Top of Dataset section

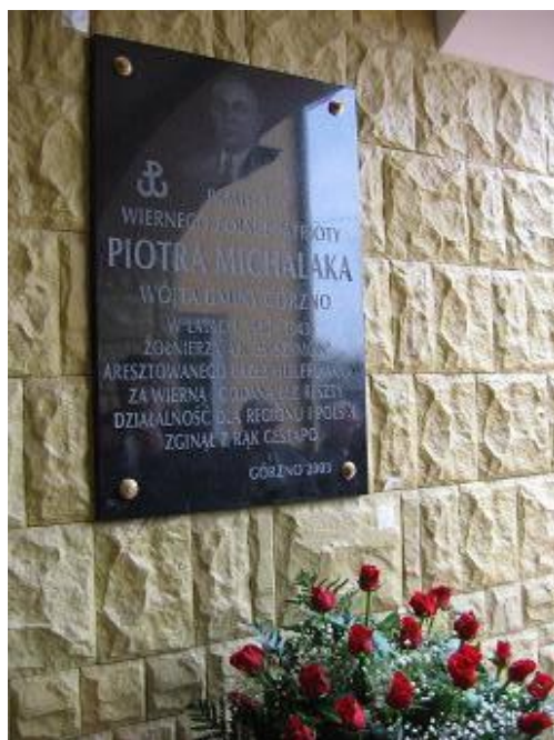
Fot. Tablica poświęcona Piotrowi Michalakowi przy wejściu do Urzędu Gminy w Górznie

Tablica umieszczona przy wejściu do Urzędu Gminy w Górznie poświęcona wiernemu patriocie Piotrowi Michalakowi, wójtowi Gminy Górzno, który w 1944 r. oddał swe życie za ojczyznę. Rozstrzelany w Garwolinie, prawdopodobnie po 6 lipca 1944 r. wraz z grupą 30 więźniów. 17
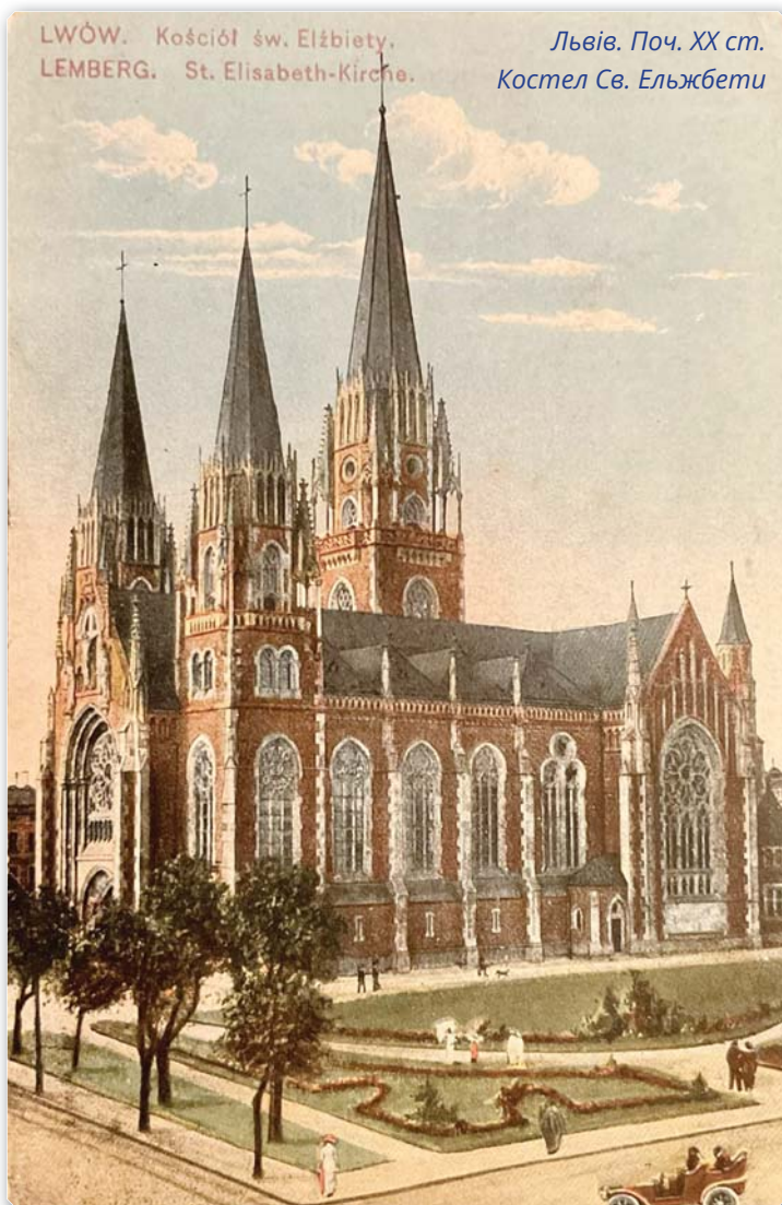
LWÓW. Kościół św. Elżbiety. LEMBERG. St. Elisabeth-Kirche.

Bottom of Dataset section

_Goal of the exercise_: Copy, exactly and exclusively, the lines beginning with the one that contains "Tablica umieszczona przy" and ending with the last line of the listing; pictures are to be omitted.

_Response to this task_:
Tablica umieszczona przy wejściu do Urzędu Gminy w Górznie poświęcona wiernemu patriocie Piotrowi Michalakowi, wójtowi Gminy Górzno, który w 1944 r. oddał swe życie za ojczyznę. Rozstrzelany w Garwolinie, prawdopodobnie po 6 lipca 1944 r. wraz z grupą 30 więźniów. 17
LWÓW. Kościół św. Elżbiety. LEMBERG. St. Elisabeth-Kirche.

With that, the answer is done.